Il brano inanella le note conclusive. Io ripasso i punti del mio lavoro e mi serve davvero ricordare che, talvolta, per salvarsi dalla deriva bisogna saper accogliere ciò che non quadra, senza rinunciare alla luce in cui l'imperfezione si rende visibile. Tenere la barra dritta significa tollerare le nostre e altrui asimmetrie, derogare al sogno di attingere l'assolutamente vero per accontentarci delle porzioni di verità che, in quanto esseri umani, riusciamo a lambire.
Perché la barca non cozzi contro scogli imprevisti, occorre poi aver pratica del limite e persino lottare per farlo risorgere là dove logiche fluide e troppo permissive sembrano eclissarlo.
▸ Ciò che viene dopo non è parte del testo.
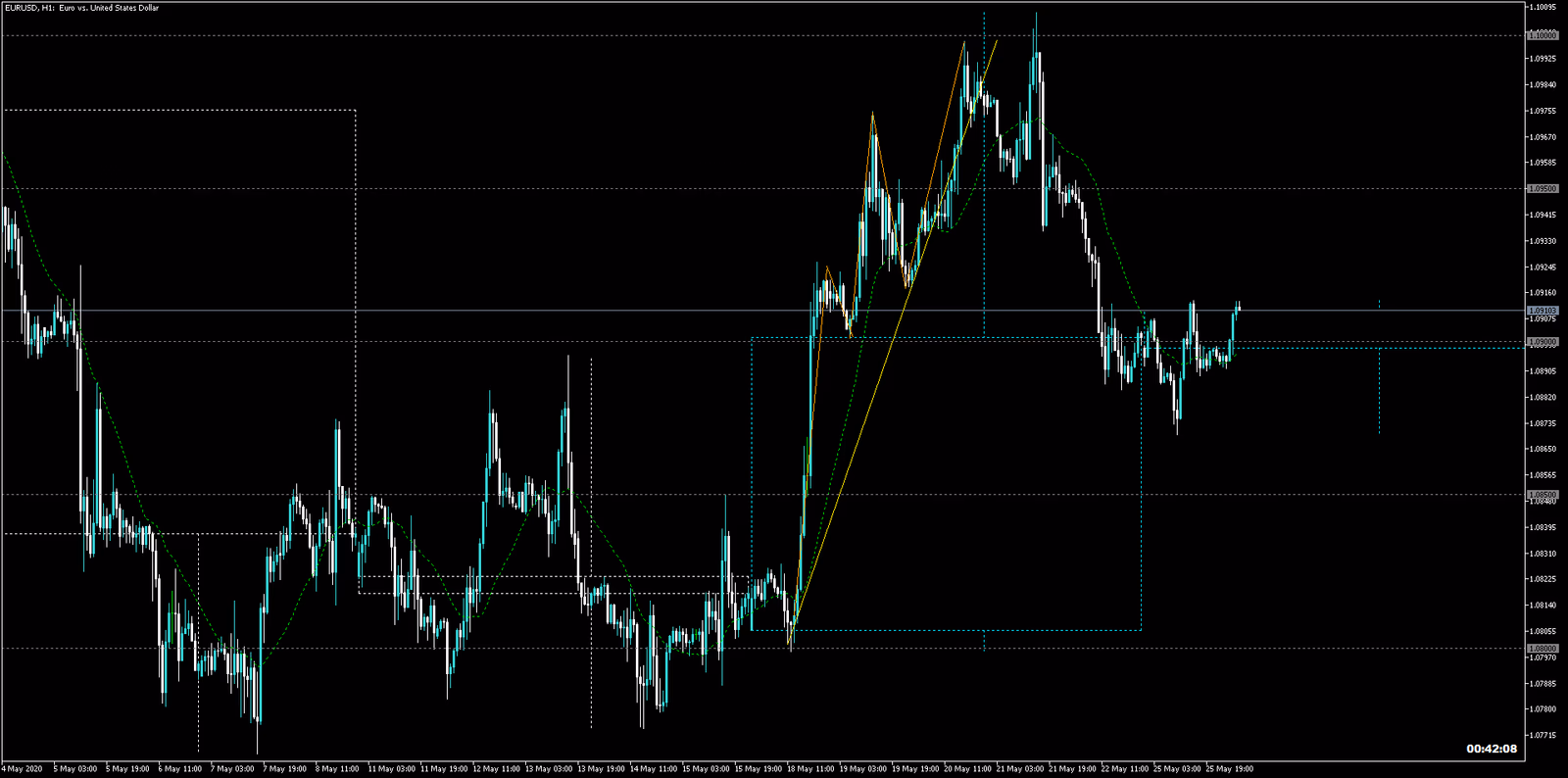 例として、上図のユーロドル、黄色の波をトレードするならスイング、オレンジ色の波でトレードするならデイトレ、そのより小さい波でトレードするならスキャルピングです。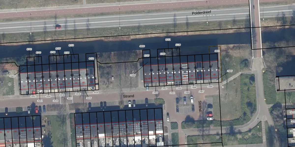 Het perceel waarop Strand 79 staat heeft een oppervlakte van 102 m². Dit is een middelgroot perceel. De perceeloppervlakte wordt geregistreerd door het Kadaster. Gedetailleerde informatie over de maten van dit perceel kunt u vinden in het rapport Kadastrale kaart met maatvoering van Strand 79.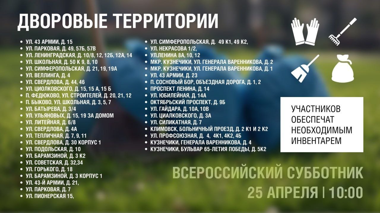 Всероссийский субботник пройдет в Подольске 25 апреля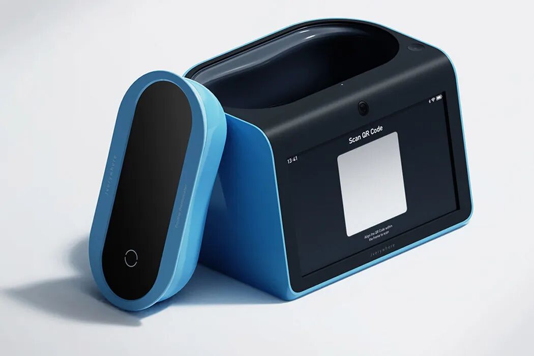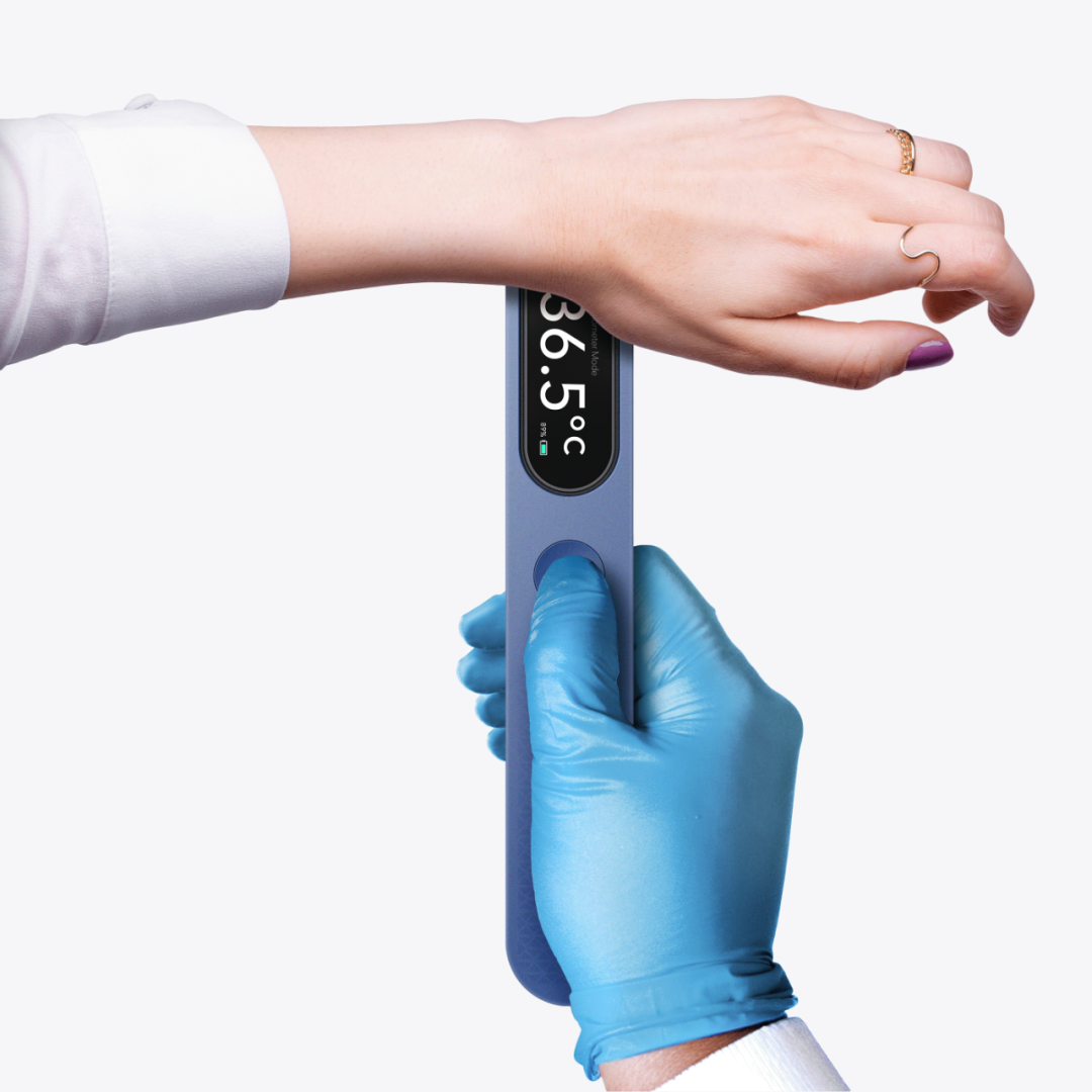 一款专注于举止姿态的 Jverywhere 温度计,它有一个带温度传感器的显示屏和一个符合人体工程学的轮廓后盖,可以从后面握住而不会从前面露出手。从而消除检查人员不必要的接触,降低病毒传播的可能性。

Tanti ragazzi chiedono proprio che qualcuno opponga un freno alle loro ascese accelerate: che ci si interessi abbastanza a loro per dire “no”.Se non riconosciamo ciò che ci limita, d'altronde, non solo non riusciamo a escogitare manovre preventive di aggiramento dell'ostacolo, ma non possiamo nemmeno esercitare la libertà, perché senza un argine non c'è scelta. Resta solo la promiscuità anonima e narcotica delle esperienze.
I giovani cercano e sono disposti ancora all'impegno e ancora sperano, persino nel momento in cui la tensione ideale in loro sembra fiaccarsi e lasciare il posto a un'ostentata apatia. Me lo ripete spesso mia sorella, appassionata insegnante, nel condividere con me qualche stralcio di vita scolastica. Sopravvive nei ragazzi, anche quando cadono, una prodigiosa capacità di automedicazione.
Spetta a noi adulti risvegliare e indirizzare questa risorsa, affinché la spinta che porta indietro, nel limbo dei tanti significati a cui il buio del brano di Amy Winehouse allude, sia superata dall'apertura al futuro. Un luogo dove molto è ancora costruibile, plasmabile, migliorabile e la melodia dell'anima può conoscere anche note in maggiore.
Back to black è terminato da un pezzo e io decido di chiudere il mio progetto con un lavoro sulla musica. Che parli ai giovani e che li lasci parlare. Che li ascolti e che insegni, con la leggerezza capace di farsi seria quando è il caso, anche ad ascoltare e ad ascoltarsi.